Mark’s Gospel (5:25-34)
tells of the woman who reached out to touch Jesus’ robe. The biblical
passage that is the scriptural foundation for the Sacrament of the
Anointing of the Sick (James 5:14-15) suggests a link between healing
the body and healing the spirit.
In early Christian communities
the sick were cared for in their homes by deacons and deaconesses,
according to historian Christopher Kauffman. Baptism and the Eucharist
were viewed as having a curative effect on the sick.
After the legalization
of Christianity in the Roman Empire, Christians founded hospitals.
One of the most notable was the one started by Basil the Great around
372 in Caesarea in his diocese of Cappadocia. Later, Benedictine monks
included infirmaries in their monasteries. These evolved into hospitals.
Other religious communities
sponsored hospitals, a practice that continues today. From its earliest
days, Christianity transformed society’s care of the sick, says historian
Henry Sigerist. Ancient Greeks and Romans who took care of the sick
and poor did so because of a “civic philanthropy,” rather than charity
based on love.
Christianity was the
religion of healing, the religion of the Redeemer and of redemption.
Christians reached out to the suffering to heal the spirit and body.
The early Christians believed, as we do, that people are made in the
image and likeness of God and possess an inherent dignity.
Christianity infused
health care with a spiritual underpinning.
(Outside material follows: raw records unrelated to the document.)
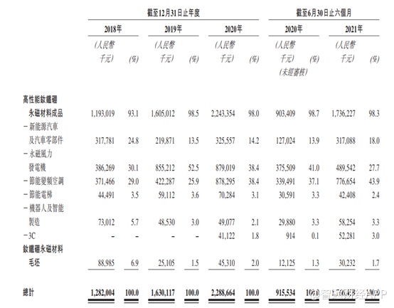 从产品上来看,金力永磁的产品主要包括高性能钕铁硼永磁材料成品,2018年至2021年H1的收入占比分别为93.1%、98.5%、98%及98.3%。除此以外,公司也可以根据客户订单生产及销售若干定制钕铁硼永磁材料毛坯。不过,该类产品营收占比较小,2018年至2021H1,其营收占比分别为6.9%、1.5%、2.0%及1.7%。
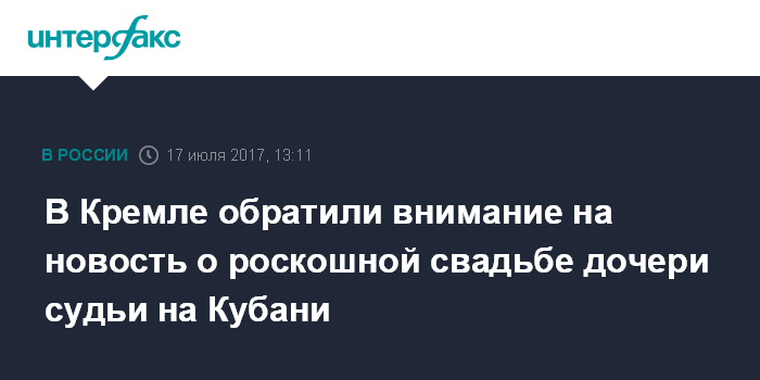 Москва. 17 июля. INTERFAX.RU - Пресс-секретарь президента РФ Дмитрий Песков сообщил, что в Кремле обратили внимание на новость о свадьбе дочери судьи в Краснодарском крае, однако считают, что реагировать на подобные проявления является не их прерогативой, а других ведомств.
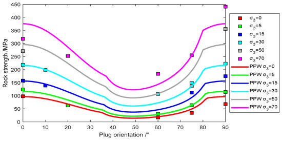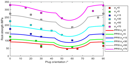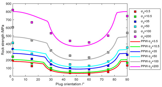 The plane of patchy weakness model [28,31,32,33] extended the conception of Jaeger’s plane of weakness, considering that the planes of weakness are heterogenous and contain some weak patches along the bedding orientation. Those patches are so weak that they fail at a lower loading force, which causes higher local stress and, consequently, global failure at lower external stress. The model for intrinsic rock strength and the plane of weak patchy failure is expressed in Equations (3) and (4):
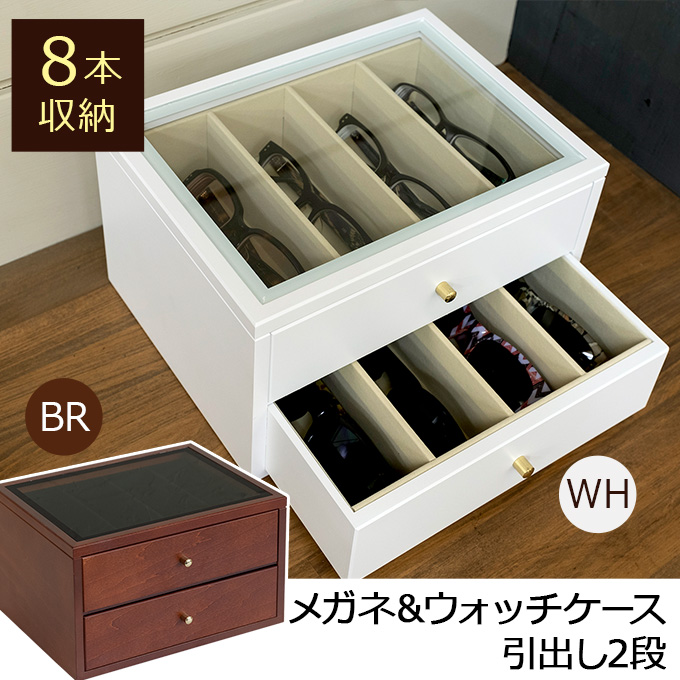 こちらは引き出し型のメガネケースです。 8本まで収納できます。 冗談はガラス張りなので、中身が見えるようになっています。 メガネだけでなく、時計をしまってもいいですね! カラーはホワイトとブラウンの2種類、どちらの色もお部屋に合わせやすくなっています。 引き出しの底面は傷つき防止のために、フェルトが貼ってあります。
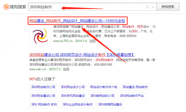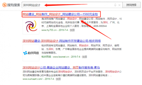 海洋網絡在搜狗中網站建設位于第一位
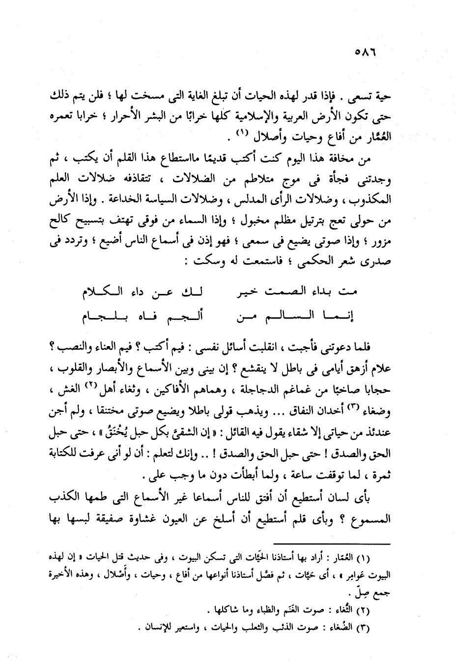 من مخافة هذا اليوم كنت أكتب قديمًا ما استطاع هذا القلم أن يكتب، ثم وجدتني فجأة في موج متلاطم من الضلالات، تتقاذفه ضلالات العلم المكذوب، وضلالات الرأي المدلس، وضلالات السياسة الخداعة. وإذا الأرض من حولي تعج بترتيل مظلم مخبول؛ وإذا السماء من فوقى تهتف بتسبيح كالح مزور؛ وإذا صوتى يضيع في سمعى؛ فهو إذن في أسماع الناس أضيع؛ وتردد في صدري شعر الحكمى؛ فاستمعت له وسكت:
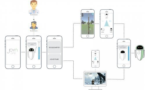 The gamification platform ensures that the child is motivated to use the prosthesis and to correctly perform prosthesis training. Because the platform is linked to the prosthesis, the Joyn One user can carry out prosthesis training prescribed by a rehabilitation physician in a child-friendly and playful way. Through the LEDs on the prosthesis, the user receives notifications from the platform when actions are required. Because the muscle signals in the stump can be read and processed into digital signals, they can be linked to specific actions within a digital game. In this way, children can train and improve their muscle signals by playing video games.
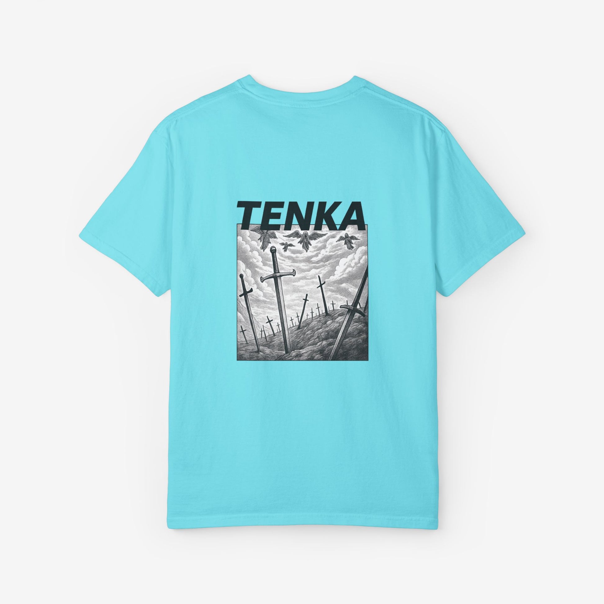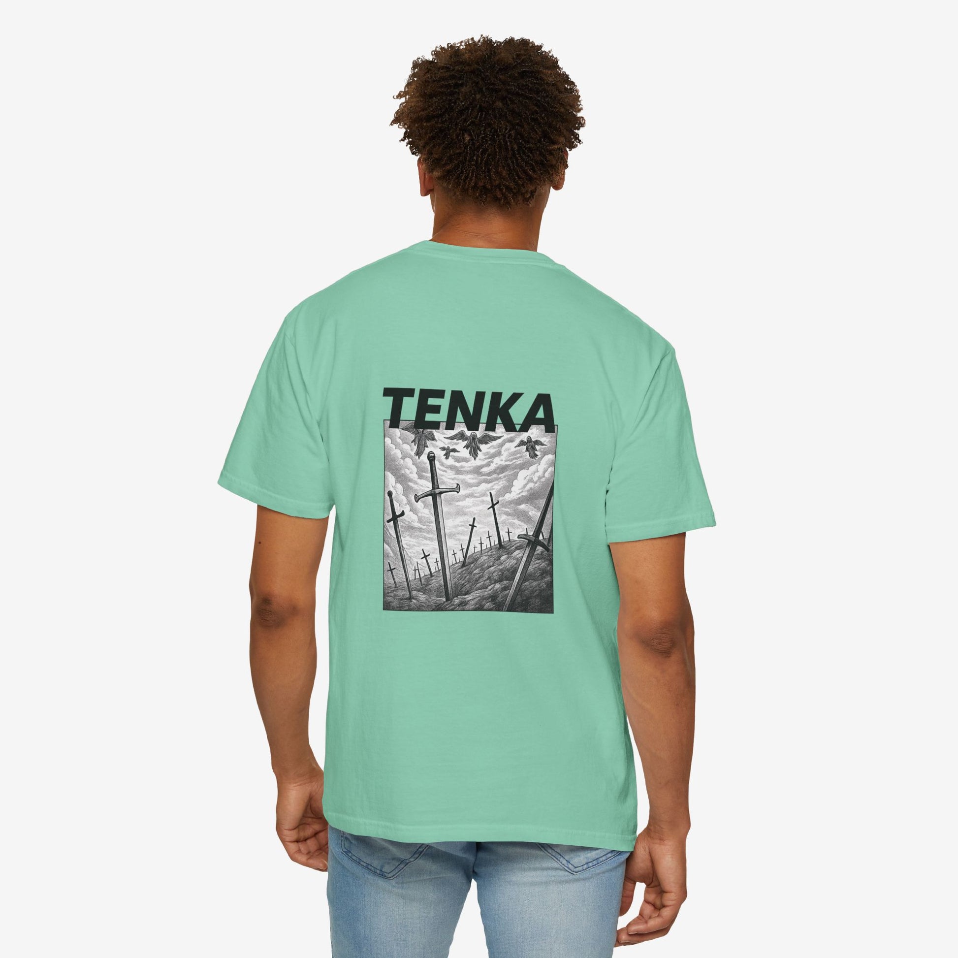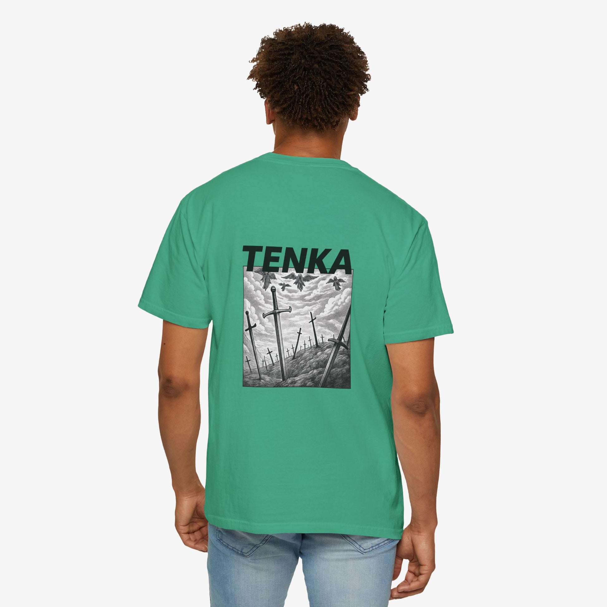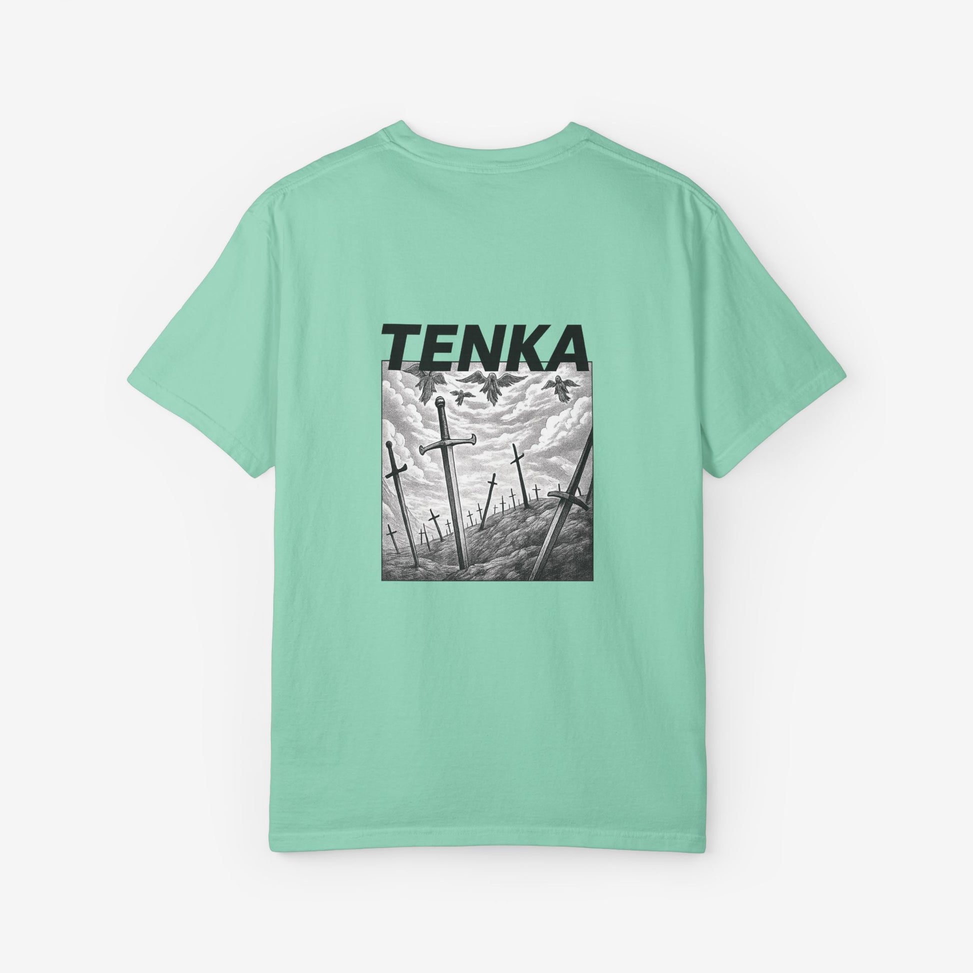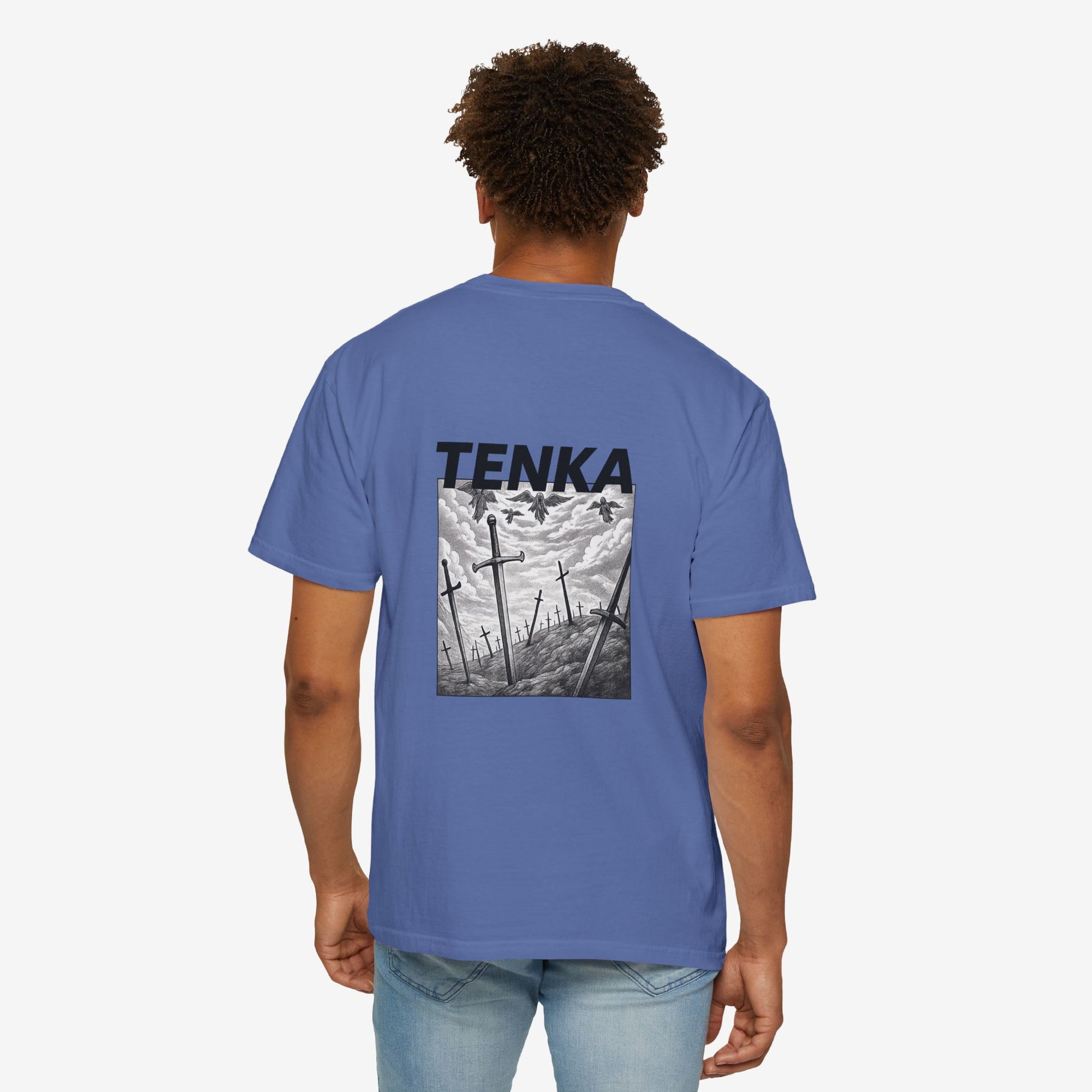 Scherp, lichtgewicht en subtiel gedurfd — dit garment-dyed T-shirt voelt vanaf dag één als een ingedragen favoriet. Het monochrome manga-paneel en de krachtige header roepen beelden op van stormachtige slagvelden en stille nasleep, opvallend zonder luid te zijn. Zachte ringgesponnen katoen en een relaxed fit maken het comfortabel voor lange dagen — of je nu schetst, layeret voor een avondje uit of door stadsstraten dwaalt. De tubular knit-constructie en het ingestikte label houden het silhouet strak en clean. Combineer het met gedragen denim of draag het onder een jas; het heeft een ingetogen, doordachte uitstraling die past bij creatieve geesten die subtiele storytelling verkiezen boven schreeuwerige logo’s.

Body and spirit are inextricably
linked. Taking care of the sick is imitating Jesus. As St. Vincent
de Paul told his Daughters of Charity, “When you leave your prayers
for the bedside of a patient, you are leaving God for God. Looking
after the sick is praying.”
Medical schools that
teach the link between faith and healing are reinforcing the age-old
notion that medicine is God’s work. That notion predates even Christianity:
“Hold the physician in honor, for he is essential to you, and God
it was who established his profession” (Sirach 38:1). Catholics today
understand medicine as a vocation. “What we do as physicians caring
for patients is intimately related to spirituality,” says Sheehan.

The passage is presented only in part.